Carbon/Kevlar was going to cost me almost $7,000 to save 150 lbs when I bought my boat. 

Three Lifeline or Full River AGM Group 27 batteries were $1100. Three Relion LiFeP04 batteries were going to run $3000 and save me 180 lbs. $1900 difference for that 180 lbs.

If you figure only 5 years use for the LiFePO4 which is about half of what they projected, it would take 15 years for saving weight in the hull to equal out. 

I suppose these figures will vary by size and maker of boat and how many batteries you need to replace.


----------



## ifsteve (Jul 1, 2010)

Half Shell your $7K for carbon/kevlar was a lot more than what I was looking at. For sure doing Li batteries over that makes sense.


----------



## wardicus (Jun 3, 2013)

I find odd that some don’t think weight affects ride on a skiff ( small boat ) .... ever put some weight in the bed of a truck and feel the difference ? And I’m not talking about a pallet of sod . Maybe just a few bags of concrete .... Hell my skiff always rides better when I bring a buddy= 200lbs ....


----------



## jay.bush1434 (Dec 27, 2014)

wardicus said:


> I find odd that some don’t think weight affects rice on a skiff ( small boat ) .... ever put some weight in the bed of a truck and feel the difference ? And I’m not taking about a pallet of sod . Maybe just a few bags of concrete .... Hell my skiff always rides better when I bring a buddy= 200lbs ....

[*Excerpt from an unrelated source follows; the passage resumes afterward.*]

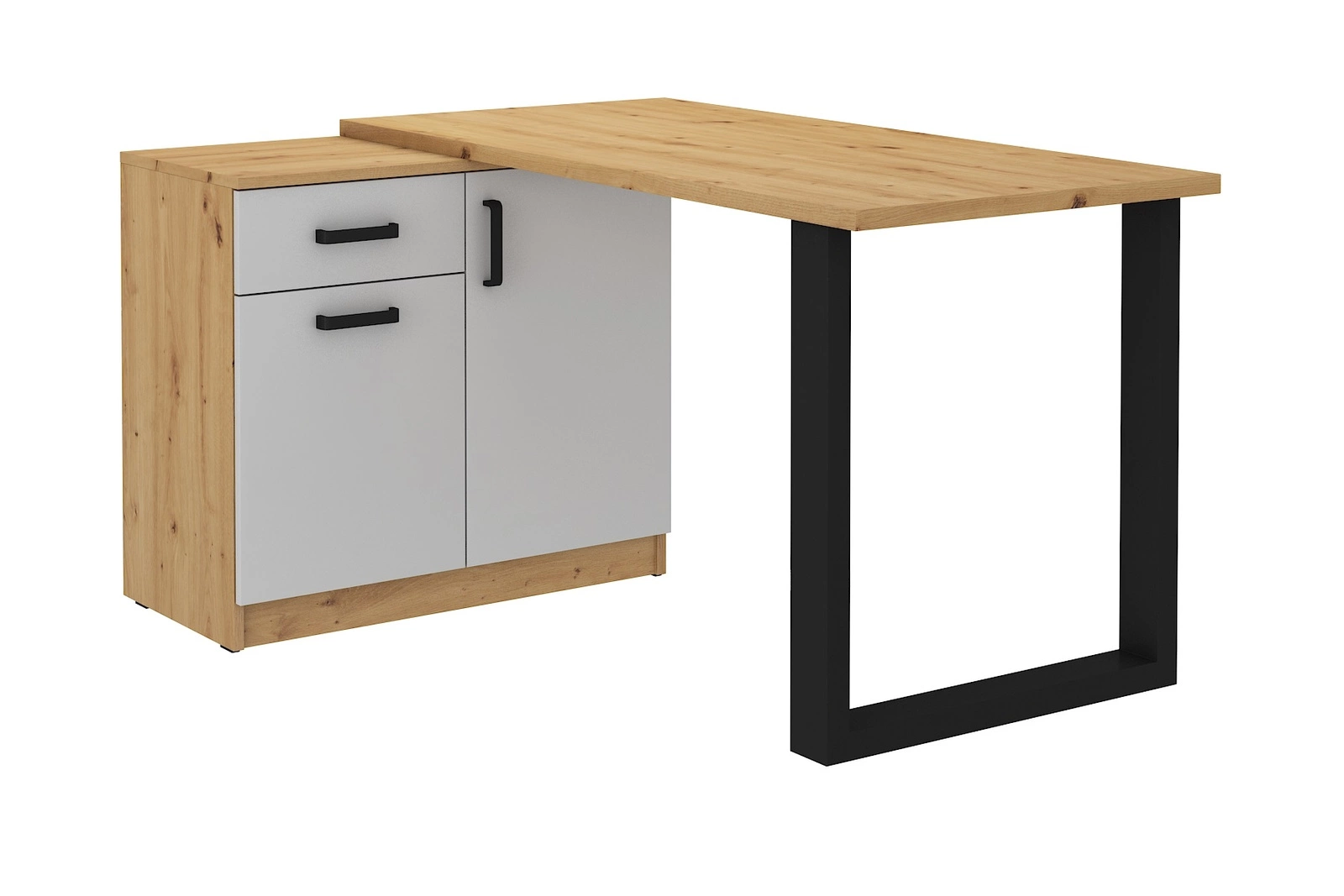 Makana Eckschreibtisch Eiche artisan / hellgrau Kommode und Regale stilvolles und funktionelles Möbelstück mit einer 28mm Platte

For me, the weight savings is more important when I'm poling the boat both in how hard I have to push and draft. Where I fish, when I say we are skinny, we are often in 10-12" of water. Certainly the ride across the bay feels better with the extra weight of my buddy, especially when they are sitting forward


----------



## Smackdaddy53 (Dec 31, 2012)

Kevin is lurking on here today, surprised he hasn’t chimed in...


----------



## wardicus (Jun 3, 2013)

jay.bush1434 said:


> For me, the weight savings is more important when I'm poling the boat both in how hard I have to push and draft. Where I fish, when I say we are skinny, we are often in 10-12" of water. Certainly the ride across the bay feels better with the extra weight of my buddy, especially when they are sitting forward


Absolutely the weight savings and what’s worth it or not is totally personal . Everyone needs are different . I was just saying I know when I have an additional 100 pounds or more On the boat . I’m sure thats magnified by the fact that I have a small very light skiff ... of course it will be felt more . My buddy runs an 18hpx feels like a f250 to me . Can handle gear anglers coolers everything without too much perceived difference .


----------



## YnR (Feb 16, 2015)

wardicus said:


> I find odd that some don’t think weight affects ride on a skiff ( small boat ) .... ever put some weight in the bed of a truck and feel the difference ? And I’m not taking about a pallet of sod . Maybe just a few bags of concrete .... Hell my skiff always rides better when I bring a buddy= 200lbs ....


Completely agree with you on this. Weight and where you put it can make a huge difference on the ride. Just limiting the amount the bow pops up when it hits a wave can be all the difference.


----------